I medesimi documenti conservano il ricordo di queste solenni intronizzazioni, dopo la prima, fatta a Parigi nel nuovo Monastero di rue Férou il 22 agosto 1654; si conserva, ad es. la formula usata il 7 dicembre 1677 per l’intronizzazione nel Monastero di Rouen:
«Veniamo a rinnovare oggi l’elezione volontaria e solenne che abbiamo fatto della Vostra Santa Maestà, come generalissima del nostro Istituto e Superiora perpetua di questo Monastero» [5].
In un altro atto, sempre riguardante il monastero di Rouen la Santa Vergine è proclamata «eminentissima abbadessa e superiora di questo nuovo monastero» [6].
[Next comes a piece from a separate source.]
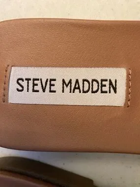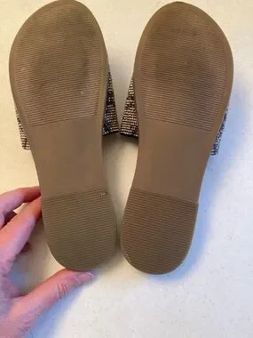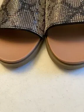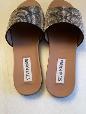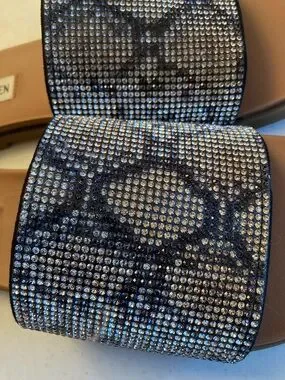 Steve Madden slip-on slides with a wide rhinestone snake-print strap. Cushioned tan footbed for easy wear. Sparkling black and silver stones add glam to outfits.

Un altro documento riporta il testo personale della venerata Madre, particolarmente solenne e denso, usato nel monastero di Parigi:
«Io, Suora del SS. Sacramento [7], indegna religiosa benedettina, che tengo il posto di Superiora in questa casa costituita ad onore e gloria del SS. Sacramento dell’Altare, prostrata umilmente davanti al trono adorabile della Maestà divina, in questo augustissimo Sacramento, al cospetto del Cielo e della terra, professo e dichiaro a nome di tutta la Comunità presente e futura che la SS. Madre di Dio è per sempre scelta, nominata e riconosciuta come degnissima ed eminentissima Madre Abbadessa e Superiora, a capo di questa piccola casa del SS. Sacramento e supplico umilmente la Sua bontà a volerla prendere in singolare e speciale protezione e a volerne rendere tutte le Religiose vittime pure di Gesù nel S. Tabernacolo... Riceveteci, dunque, santissima e amabilissima Madre di Gesù, come Vostre schiave, figlie e serve. Fate uso dei vostri diritti e poteri su di noi e sul temporale e lo spirituale di questa casa. Noi vi accogliamo e salutiamo per nostra Sovrana Signora, Madre e Superiora, e vogliamo con questo atto, che oggi compiamo davanti a tutta la Comunità celeste, obbligarci per sempre a dipendere dalla vostra santa guida. E per questo rinnoviamo gli impegni del Battesimo ed i nostri voti religiosi nelle vostre mani, in qualità di vittime del SS. Sacramento.
O SS. Madre di Dio, degnatevi di prendere tutta l’autorità che noi possiamo darvi su di noi e su questa casa che vi apparterrà per sempre».
E l’atto si chiude, sempre nel suo tono solenne, con la firma della Madre e la data, 22 agosto 1654 [8].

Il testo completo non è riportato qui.